The “Software Defined Perimeter (SDP) protocol,” is designed to provide on-demand, dynamically provisioned, air-gapped networks. Air-gapped networks are trusted networks that are isolated from all unsecured networks and this may allow them to mitigate network-based attacks. The SDP protocol is based on workflows invented by the Department of Defense (DoD) and used by some Federal Agencies. Networks based on these workflows provide a higher level of security, but are thought to be very difficult to use compared to traditional enterprise networks.
 

The Software Defined Perimeter (SDP) has adapted the generalized DoD workflow but has modified it for commercial use and made it compatible with existing enterprise security controls.
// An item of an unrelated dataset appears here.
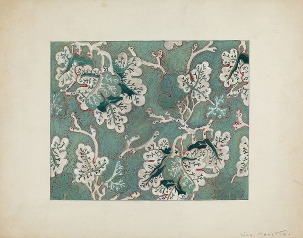 Curator: Welcome. Today, we are exploring "Colcha," a watercolor drawing created by Majel G. Claflin between 1935 and 1942. Editor: My first thought: whimsical! There's something playful about the palette, the gentle asymmetry. The shapes float nicely across this plane. Curator: Indeed. Claflin’s work emerges during a period of significant cultural introspection in the United States, specifically in the context of the New Deal and the Federal Art Project. The design resembles the traditional "Colcha" embroidery practiced by Hispana women in New Mexico, tying it to questions of regional identity, gendered labor, and the preservation of cultural heritage amidst modernization. Editor: Tell me more about the way this translates through medium, color, shape. The watercolors are translucent, almost ethereal; these choices soften the design, lending it an optimistic quality. The limited palette — pink, brown, shades of blue, beige background — offers structural cohesion while highlighting subtle textural differences. Note also that rhythmic alternation of leaf, blossom, and stem! Curator: Precisely. Claflin, who taught art at San Diego State Teachers College and was involved with the Spanish Arts Renaissance movement in Southern California, found inspiration in early Spanish Colonial art and craft. Her position within these circles enabled her to draw attention to the contributions of often marginalized communities, like the descendants of Spanish settlers. It highlights their contributions in design as crucial elements that informed both the labor economy and material culture during a tumultuous epoch in US history. Editor: It strikes me that abstraction itself can function here as a form of commentary, pushing the conventions of tradition toward innovative realms. How fitting: embroidery that embroiders upon itself in its pictorial reinvention! Curator: Ultimately, "Colcha" is not merely a visual representation of a traditional craft but also a testament to the dialogues between history, artistic innovation, and the search for identity during times of social transformation. Editor: I couldn't agree more. It also shows how an artist takes formal vocabularies as points of entry to new visual languages! Curator: An eloquent final thought.

Where applicable, SDP has followed NIST guidelines on cryptographic protocols. SDP can be used in government applications such as enabling secure access to FedRAMP certified cloud networks as well as enterprise applications such as enabling secure mobile phone access to public clouds.

The CSA Open Certification WG is an industry initiative to allow global, accredited, trusted certification of cloud providers. It is a program for flexible, incremental and multi-layered cloud provider certification according to the CSA’s industry leading security guidance and control objectives. The program will integrate with popular third-party assessment and attestation statements developed within the public accounting community to avoid duplication of effort and cost.

The Trusted Cloud Initiative helps cloud providers develop industry-recommended, secure and interoperable identity, access and compliance management configurations, and practices. The Trusted Cloud Initiative will develop reference models and education in a vendor-neutral manner, inclusive of all CSA members and affiliates who wish to participate. The Trusted Cloud Initiative Reference Architecture is both a methodology and a set of tools that enable security architects, enterprise architects and risk management professionals to leverage a common set of solutions that fulfill their common needs to be able to assess where their internal IT and their cloud providers are in terms of security capabilities and to plan a roadmap to meet the security needs of their business.